Coca-Cola's archrival PepsiCo declined to sponsor American Idol at the show's start. What the Los Angeles Times later called "missing one of the biggest marketing opportunities in a generation" contributed to Pepsi losing market share, by 2010 falling to third place from second in the United States. PepsiCo sponsored the American version of Cowell's The X Factor in hopes of not repeating its Idol mistake until its cancellation.[348]

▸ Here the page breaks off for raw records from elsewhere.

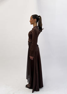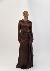 MIST SATIN TOP AND SKIRT SET - CHOCOLATE
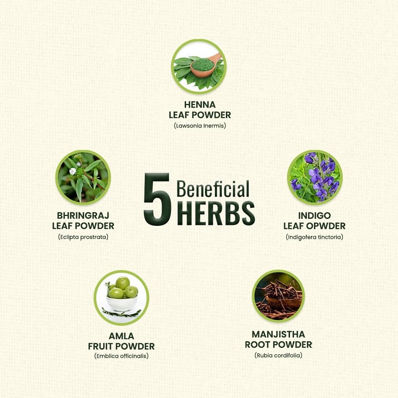 | Ingredients | Indigofera Tinctoria (Indigo)Lawsonia Inermis (Henna)Phyllanthus emblica (Amla)Eclipta prostrata (Bhringraj) |
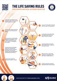 - The "10 rules that save" are the latest individual prevention barriers applicable to all our activities. Anyone who may be exposed to our major risks is regularly trained in these rules which, if followed, save lives. The aim is to raise individual and collective awareness of our most important risks, including with our subcontractors and customers, to change behaviors on a daily basis so that we can work in complete safety. Multi-year actions have been taken to control each major risk in our activities. They are based on the three pillars of an integrated Health & Safety culture (Technical, Management System and Human and Organizational Factors) while implementing innovative solutions.
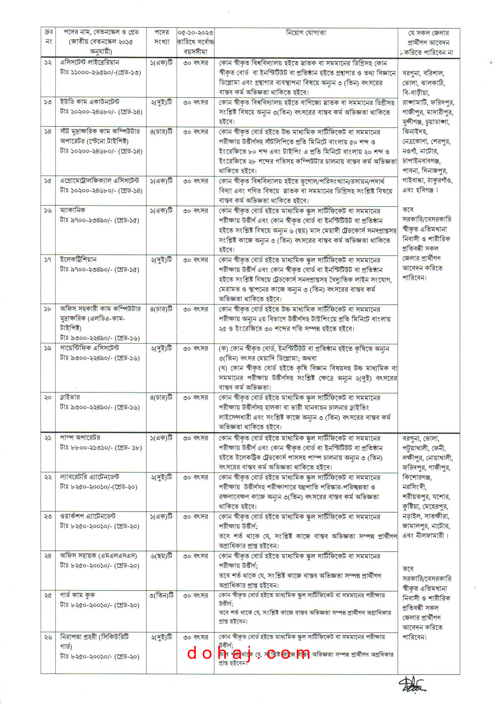 শিক্ষাগত যোগ্যতা: এসএসসি এবং সংশ্লিষ্ট বিষয়ে ট্রেড কোর্স সনদ।
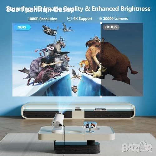 Нов Преносим мини проектор 1080P с поддръжка на 4K, WiFi6 и Bluetooth 5.0
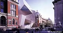 The Victoria and Albert Museum Spiral (or V&A Spiral, or The Spiral) was a proposed extension of the 19th-century London building which houses the Victoria and Albert Museum, the world's largest museum of decorative arts. It was designed by Daniel Libeskind and the designer, artist, and writer Cecil Balmond.[1] The museum chose the design over seven others in competition in 1996, but after much controversy and failing three times to attract the necessary funding, the project was abandoned[2] in 2004.[3]
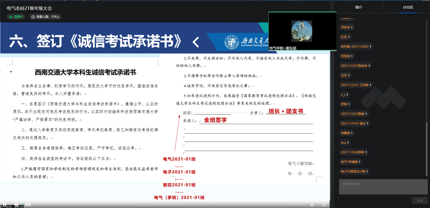 最后,辅导员老师再一次带领各位同学学习了《西南交通大学本科生考试违规处理办法》,并举了相应实例以警醒同学们要诚信考试,展现交大学子的优良校风。同时组织了在校同学签署《西南交通大学本科生诚信考试承诺书》。

For the revived series on ABC, Macy's and Johnson & Johnson's Zyrtec signed on as the major sponsors of the show.[349]

American Idol tour[edit]

Tenth season American Idol tour, Scotty McCreery performing with Thia Megia, Haley Reinhart and Pia Toscano

The top ten (eleven in the tenth season, five in the fourteenth season, and seven in the sixteenth season) toured at the end of every season except for the fifteenth and seventeenth seasons.[350][351] In the twelfth season tour a semi-finalist who won a sing-off was also added to the tour. Kellogg's Pop-Tarts was the sponsor for the first seven seasons, and Guitar Hero was added for the seventh season tour. M&M's Pretzel Chocolate Candies was a sponsor of the ninth season tour. The fifth season tour was the most successful tour with gross of over $35 million.[352] However no concert tour was organized in the fifteenth and seventeenth seasons, the only seasons not to have an associated tour.[353] The sixteenth season tour featured the band In Real Life as an opener on select dates.[354]

Idol Gives Back[edit]

Idol Gives Back was a special charity event started in season six featuring performances by celebrities and various fund-raising initiatives. This event was also held in seasons seven and nine and has raised nearly $185 million in total.[95]

Music releases[edit]

American Idol has traditionally released studio recordings of contestants' performances as well as the winner's coronation single for sale. For the first five seasons, the recordings were released as a compilation album at the end of the season. All five of these albums reached the top ten in Billboard 200 which made then American Idol the most successful soundtrack franchise of any motion picture or television program.[355] Starting late in the fifth season, individual performances were released during the season as digital downloads, initially from the American Idol official website only. In the seventh season the live performances and studio recordings were made available during the season from iTunes when it joined as a sponsor. In the tenth season the weekly studio recordings were also released as compilation digital album straight after performance night.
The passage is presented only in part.